Each module covers three cases:

  1. Read — load a committed ENA XML fixture and assert a handful of key field values.
  2. Roundtripread >> write >> read produces a structurally equal value. Pick one comparison strategy (deep object-graph equality is simpler than XML canonicalisation) and document it inline.
  3. read / readString parity — parsing the same XML via file vs. string produces equal results.

Keep xunit (already wired). Drop the existing BioTalk test.

Fixtures

Real ENA records, downloaded once and committed:

  • Current path: tests/fixtures/<accession>.xml
  • Source URL pattern: https://www.ebi.ac.uk/ena/browser/api/xml/<ACCESSION> (download by hand; do not fetch at test time)
  • Committed accessions: PRJDB5192, DRP003416, SAMD00064197, DRX066772, DRR072834, ERZ496533, DRA005154.
  • receipt-sample.xml is hand-crafted because RECEIPT is a submission-API response, not a stored record. Shape mirrors the ENA programmatic submission guide example.
  • Source URLs and download date are recorded in tests/fixtures/README.md.

Tests load fixtures off disk via a small relative-path helper. No network at test time.

5. [x] Build / CI touch-ups

  • Confirm build/ProjectInfo.fs solutionFile resolves (already BioFSharp.INSDC.slnx).
  • Verify build.cmd / build.sh entry points still work after the .fsproj.csproj swap in the slnx.
  • Add the regenerateInsdcTypes target. It must not be chained into the default build — generated code is committed precisely so contributors can build without the tool restored.
  • Audit .github/workflows/build-and-test.yml for template residue: SDK pin and the Codecov slug.

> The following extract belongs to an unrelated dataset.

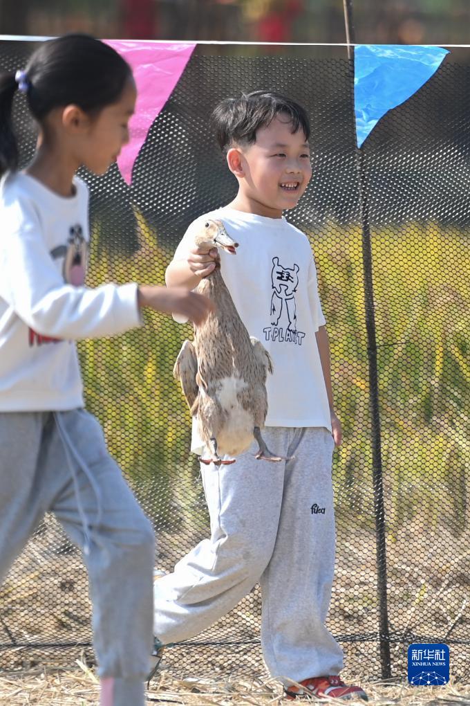 11月4日,小朋友在南潯區雙林鎮萬畝稻蝦綜合種養示範區的稻田游園會捉鴨子。

The regenerateInsdcTypes target lives in build/BasicTasks.fs. It is standalone (no dependencies on clean / buildSolution) and is not referenced by any release pipeline.

CI uses global-json-file: global.json so the workflow tracks the SDK version pinned at the repo root (currently 10.0.100). The Codecov slug is retargeted to BioFSharp/BioFSharp.INSDC.

6. [x] Verification

Each step gates the next:

  1. dotnet tool restore succeeds (verified 2026-05-23 in devcontainer; restores dotnet-xscgen 3.0.1270 and fsdocs-tool 20.0.1).
  2. build.sh regenerateInsdcTypes produces .cs files under src/BioFSharp.FileFormats.INSDC/Generated/ (verified 2026-05-23; only diff vs. committed output is the absolute-path noise in the generator-header comment).
  3. build.sh (default buildSolution) succeeds with zero CS1591 (missing-XML-doc) warnings (verified 2026-05-23; 0 Error(s)).
  4. bash build.sh runtests passes locally in the devcontainer (24/24 tests, re-confirmed 2026-05-23).
  5. build.sh pack produces both nupkgs with non-template metadata (verified 2026-05-23 — pkg/BioFSharp.FileFormats.INSDC.0.1.0.nupkg and pkg/BioFSharp.IO.INSDC.0.1.0.nupkg). The Pack target uses an interactive Y/n confirmation prompt; pipe echo Y | when invoking non-interactively.

7. Out of scope

  • No fsdocs site for this repo; usage examples live in the base BioFSharp docs.

Dos

  • ALWAYS add XML documentation to all public types and functions in both projects.
  • ALWAYS run the FAKE build targets (build.cmd / build.sh) for solution-wide work — they are the source of truth for build/test/pack configuration. Use raw dotnet build / dotnet test only when iterating on a single project.

Don'ts

  • Do not hand-edit anything under src/BioFSharp.FileFormats.INSDC/Generated/ — it is regenerated from XSDs.
  • Do not chain regenerateInsdcTypes into the default build.
  • Do not add an fsdocs site to this repo.